The same goes for the chain-of-thought. If the steps showed a certainty level, we could at least gauge the believability. In this show-and-tell, everything is suggestive of being 100% certain. The answer is fully buttressed by the chain-of-thought. Period, end of story.
Your Crucial Takeaways
Automatic and always-on chain-of-thought is now becoming a double-whammy.
Sure, you might be getting better answers, much of the time, so we hope.

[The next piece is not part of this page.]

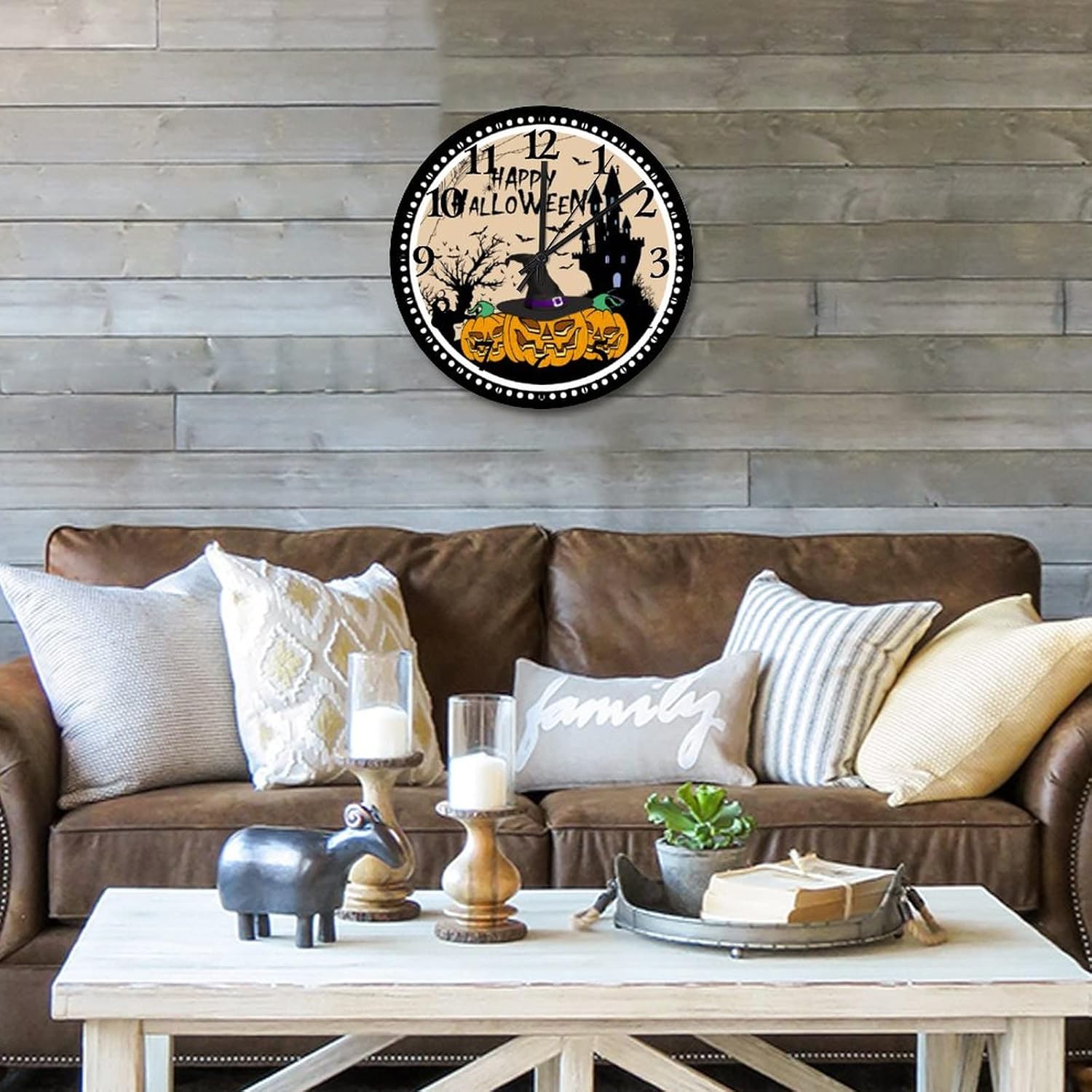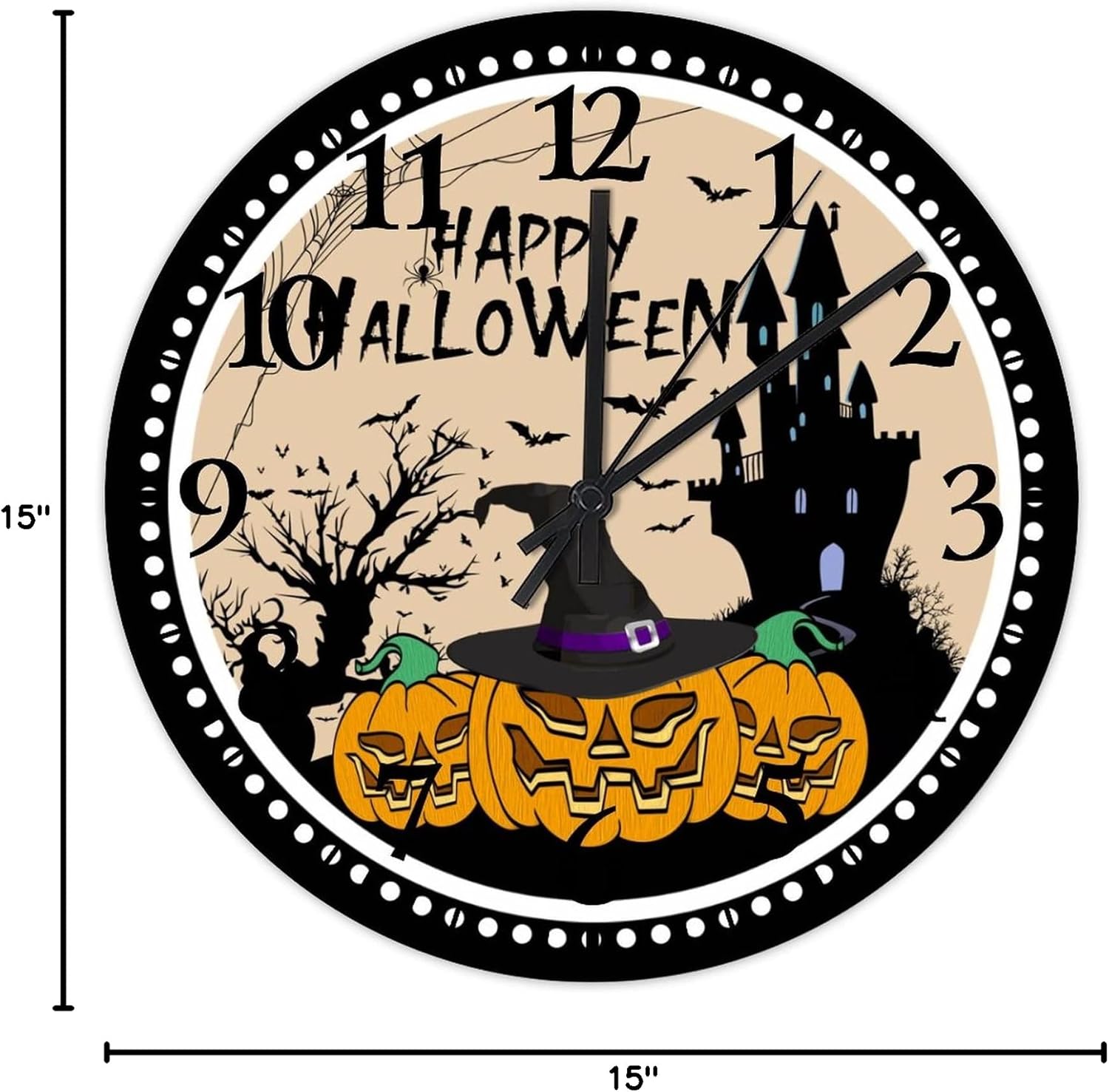 Happy Halloween Pumpkin Hunted House Wooden Wall Clock halloween Jack-o'-Lantern Pumkin Rustic Wooden Art Hanging Clock Quality Quartz Non Ticking Arabic Numbers Clock Home/Office/Kitchen Decor 15 Inch??Details:Product Size: 10/12/15 inches, (25/30/38 cm)Shape:RoundMaterial: Wood??Functional Home DécorThis Witch Hat with Evil Pumpkin clock aren't just for timekeeping. They function as beautiful wall decor pieces, beyond telling time, and bring both style and purpose to any room.A charming home decoration, very suitable as a housewarming gift, making the home more warm. Suitable for any room, you can put it in any room such as home, living room, master bedroom, kitchen, bathroom, home office, etc. Elegant, durable and stylish.??Clock Hands Troubleshooting Guide:Check that the battery is a new battery and not a used battery.Make sure the hour and minute hands are not crossing or touching each other. If they are, adjust the hands by slightly bending them.See if the center pin that holds the hands together is firmly pushed in or screwed on, depending on the style.If hands are still not moving after the above, please reference the hands replacement instructions included with all of our open face clocks.

In the same breath, the chain-of-thought is bolstering our hunch-based assumption that a generated AI answer is correct. Chain-of-thought is like a badge of honor that the answer presented is logically airtight.
When an answer is actively wrong, you are going to find yourself in a lot deeper trouble. Any suspicion you might have harbored is assuaged by that pristine warm blanket of a chain-of-thought. Sad face. Grim face.
The deal is this.
Do not believe at face value the answers of generative AI.
Equally, do not believe at face value a chain-of-thought produced by generative AI.
Always keep your watchful antenna up.
Some will say that everyone already knows to be skeptical of anything they see in generative AI. Sorry to report that this is not a universally understood rule of thumb. I would venture that many users do not know to be inherently suspicious. On top of this, the ubiquitous chain-of-thought is going to nudge them or perhaps herd them further in the it-must-be-right direction.
At scale.
Over the long term.
Knowing The Problem And Aiming For Solutions
You might find of interest that in-depth research has shown that generative AI can be particularly persuasive including convincing you that you are wrong even when you are right (see my coverage at the link here). Those studies tend to focus on answers and Q&A dialogues. It seems sensible to anticipate that the always-invoked chain-of-thought is going to ramp up persuasiveness to a new and exceedingly troubling level.
On day-to-day ordinary queries of generative AI, maybe this shaky phenomenon might not rise to disastrous conditions. The scary aspect is that this can happen when people use generative AI for more dire questions that might involve life or limb. AI makers typically include in their licensing agreements that users should not rely on the AI for such matters (see my discussion at the link here), but few seem to read or abide by those warnings.
A final bottom line for now.
Is this an AI problem, or is it a human behavior problem?
The fact that we are asking the question is a sign that even if it is a human behavior problem, AI ought to be devised to aid the user and avoid letting them tumble into these mental traps. It is to some degree a UX or user experience or interface design facet that could readily be dealt with.
I hope that my elucidated chain of thoughts concerning this weighty matter will spur better best practices when it comes to AI design, and spare humans a devil of a problem that they otherwise didn’t even know about or realize they will soon face.